=== Provided material ===

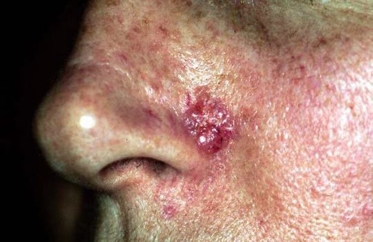 Skin Cancer Basal Cell Carcinoma - Left Naso-mesial fold. Rodent Ulcer
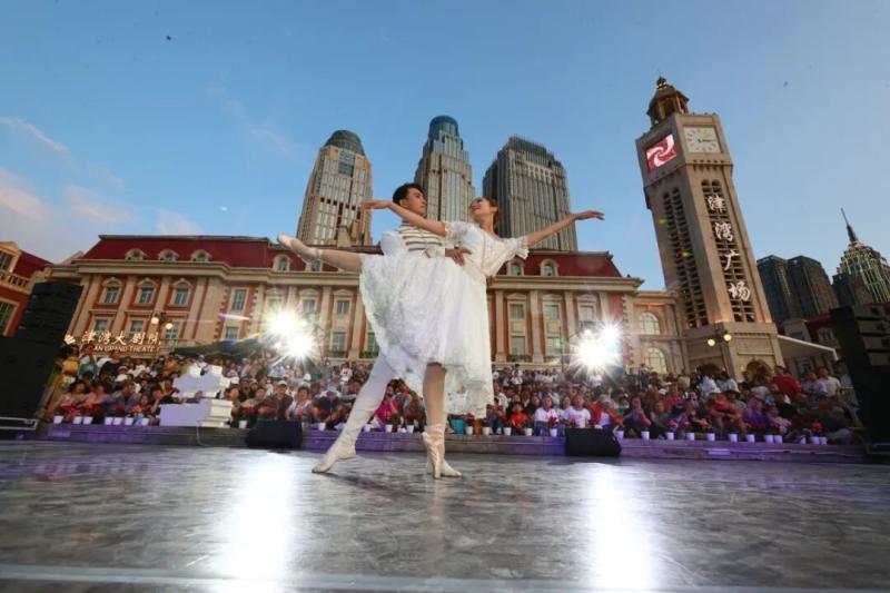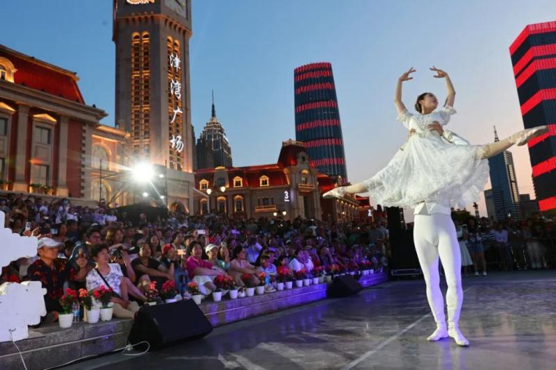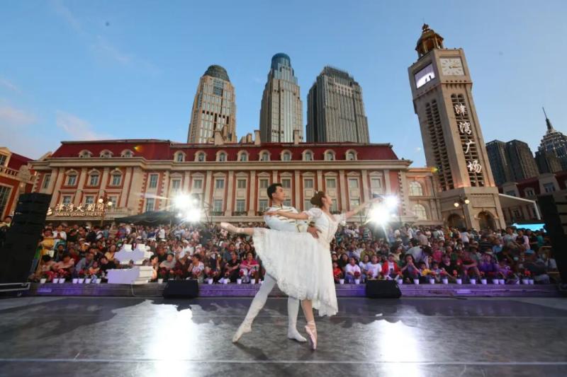 津湾码头广场上,芭蕾舞者的轻盈身影与“城市会客厅”的璀璨灯光相映,优雅得似一场不愿醒的梦;
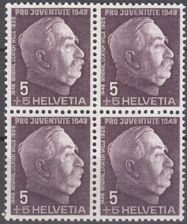 1948, Švýcarsko, 0514, Pro Juventute: 100. výročí narození Ulricha Willeho, 4blok, **
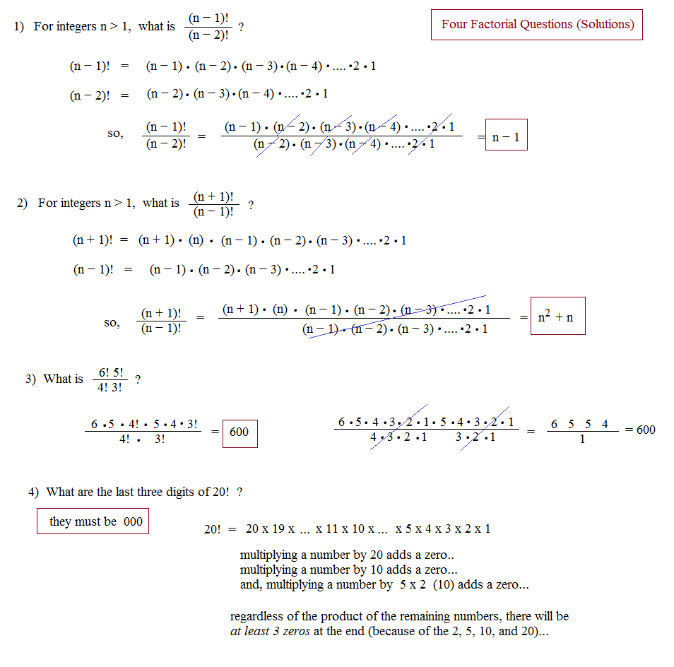 1) For integers > 1, what is (n - 1)! / (n - 2)! ?
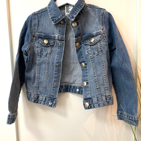 Hyväkuntoinen lastenfarkkutakki, jossa miehustassa helmikoristeita. Valenapit, eli helposti kiinnilaitettava nepparikiinnitys.
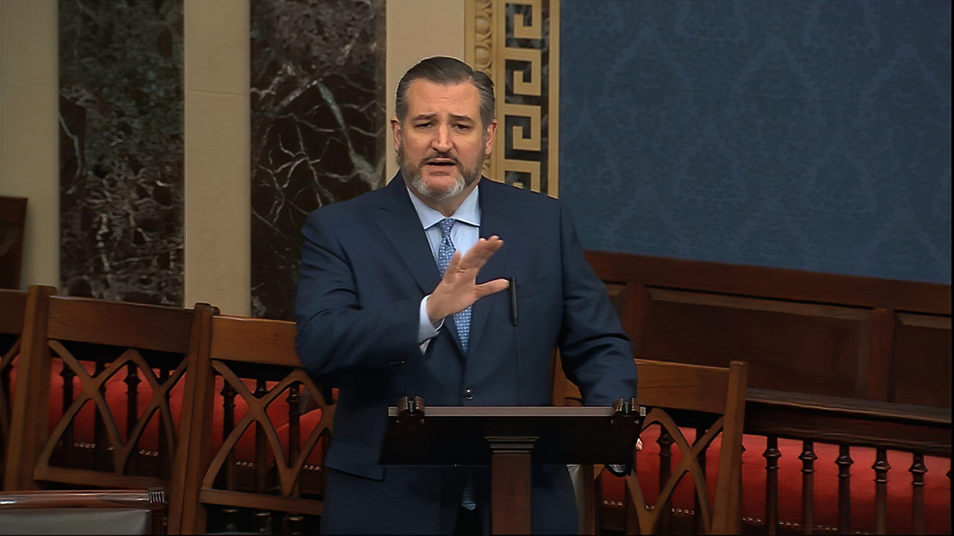 In this image from video, Sen. Ted Cruz, R-Texas, speaks on the Senate floor about the impeachment trial against President Donald Trump at the U.S. Capitol in Washington, Tuesday, Feb. 4, 2020. The Senate will vote on the Articles of Impeachment on Wednesday afternoon, Feb. 5.

===

### Exercise instructions
Your answer must be every record above, word for word, with no pictures.

### Response to this exercise
 Skin Cancer Basal Cell Carcinoma - Left Naso-mesial fold. Rodent Ulcer
 津湾码头广场上,芭蕾舞者的轻盈身影与“城市会客厅”的璀璨灯光相映,优雅得似一场不愿醒的梦;
 1948, Švýcarsko, 0514, Pro Juventute: 100. výročí narození Ulricha Willeho, 4blok, **
 1) For integers > 1, what is (n - 1)! / (n - 2)! ?
 Hyväkuntoinen lastenfarkkutakki, jossa miehustassa helmikoristeita. Valenapit, eli helposti kiinnilaitettava nepparikiinnitys.
 In this image from video, Sen. Ted Cruz, R-Texas, speaks on the Senate floor about the impeachment trial against President Donald Trump at the U.S. Capitol in Washington, Tuesday, Feb. 4, 2020. The Senate will vote on the Articles of Impeachment on Wednesday afternoon, Feb. 5.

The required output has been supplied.